## Records supplied
+++

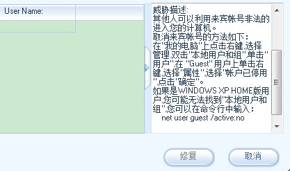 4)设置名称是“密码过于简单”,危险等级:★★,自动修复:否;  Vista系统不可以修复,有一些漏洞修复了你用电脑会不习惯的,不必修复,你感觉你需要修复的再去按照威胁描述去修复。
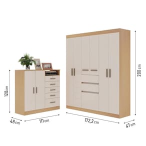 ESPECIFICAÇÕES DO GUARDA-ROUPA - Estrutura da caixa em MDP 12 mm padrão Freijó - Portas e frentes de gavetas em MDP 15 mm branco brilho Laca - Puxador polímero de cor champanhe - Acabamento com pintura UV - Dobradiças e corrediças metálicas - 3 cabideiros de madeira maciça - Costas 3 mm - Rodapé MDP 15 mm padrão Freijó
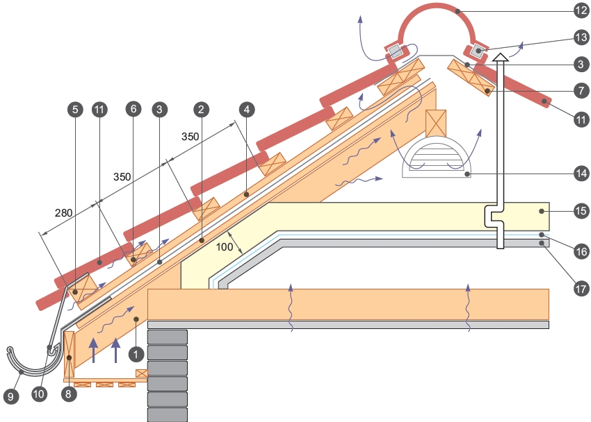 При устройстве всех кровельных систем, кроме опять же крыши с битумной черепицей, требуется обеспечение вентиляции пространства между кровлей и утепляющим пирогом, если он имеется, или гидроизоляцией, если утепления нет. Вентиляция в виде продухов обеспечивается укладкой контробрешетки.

+++

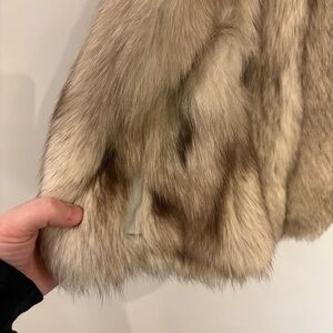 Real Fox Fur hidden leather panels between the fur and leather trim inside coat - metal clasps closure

+++

From the records above, copy only the lines running from the line holding "ESPECIFICAÇÕES DO GUARDA-ROUPA" through the line holding "При устройстве всех", with no pictures.

## Output
 ESPECIFICAÇÕES DO GUARDA-ROUPA - Estrutura da caixa em MDP 12 mm padrão Freijó - Portas e frentes de gavetas em MDP 15 mm branco brilho Laca - Puxador polímero de cor champanhe - Acabamento com pintura UV - Dobradiças e corrediças metálicas - 3 cabideiros de madeira maciça - Costas 3 mm - Rodapé MDP 15 mm padrão Freijó
 При устройстве всех кровельных систем, кроме опять же крыши с битумной черепицей, требуется обеспечение вентиляции пространства между кровлей и утепляющим пирогом, если он имеется, или гидроизоляцией, если утепления нет. Вентиляция в виде продухов обеспечивается укладкой контробрешетки.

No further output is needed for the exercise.